Thomas jeered: “And you’ll get another wife, and there won’t ever be another drought.”

“It might be so,” Joseph said gently.

“Then come with us to the San Joaquin and help us with the cows.”

Joseph saw lights of a ship passing far out on the ocean, and he watched the lights and held up his finger to see how fast they moved. “I can’t go away,” he said. “This is my land. I don’t know why it’s mine, what makes it mine, but I cannot leave it. In the spring when the grass is up you’ll see. Don’t you remember how the grass was green all over the hills, even in the cracks of the rocks, and how the mustard was yellow? The redwing blackbirds built nests in the mustard stems.”

“I remember it,” Thomas said truculently, “and I re­member how it was this morning, burned to a cinder and picked clean. Sure, and I remember the circle of dead cows. I can’t get out too quickly. It’s a treacherous place.” He turned on his side. “We’ll go back tomorrow if you say, so. I hope you won’t stay on the damn place.”

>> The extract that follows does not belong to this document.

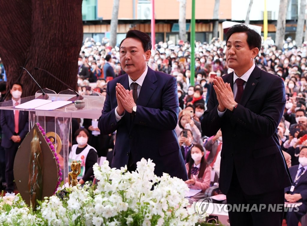 | ▲ 나란히 합장하는 윤석열 당선인과 오세훈 서울시장 (서울=연합뉴스) 윤석열 대통령 당선인과 오세훈 서울시장이 8일 오전 서울 종로구 조계사에서 열린 불기 2566년 부처님오신날 봉축법요식에서 나란히 합장하고 있다. 2022.5.8 [인수위사진기자단] kane@yna.co.kr |

“I’ll have to stay,” Joseph said. “If I went with you, I’d be wanting to start back every moment to see if the rain had fallen yet, or if there was any water in the river. I might as well not go away.”

23

THEY awakened to a world swaddled in grey fog. The house and the sheds were dark shadows in the mist, and from below the cliff the surf sounded muffled and hollow. Their blankets were damp. The moisture clung in fine drops to their faces and hair. Joseph found the old man sitting beside a smoldering fire in his hut, and he said, “We must start back as soon as we can find our horses.”

The old man seemed sad at their going. “I hoped you would stay a little while. I’ve told you my knowledge. I thought you might give me yours.”

Joseph laughed bitterly. “I have none to give. My knowl­edge has failed. How can we find our horses in the mist?”

“Oh, I’ll get them for you.” He went to the door and whistled shrilly, and in a moment the silver bell began to ring. The burros came trotting in, and the two horses after them.

Joseph and Thomas saddled their horses and tied the blankets on them, and then Joseph turned to say good-bye to the old man, but he had disappeared into the mist, and he didn’t answer when Joseph called.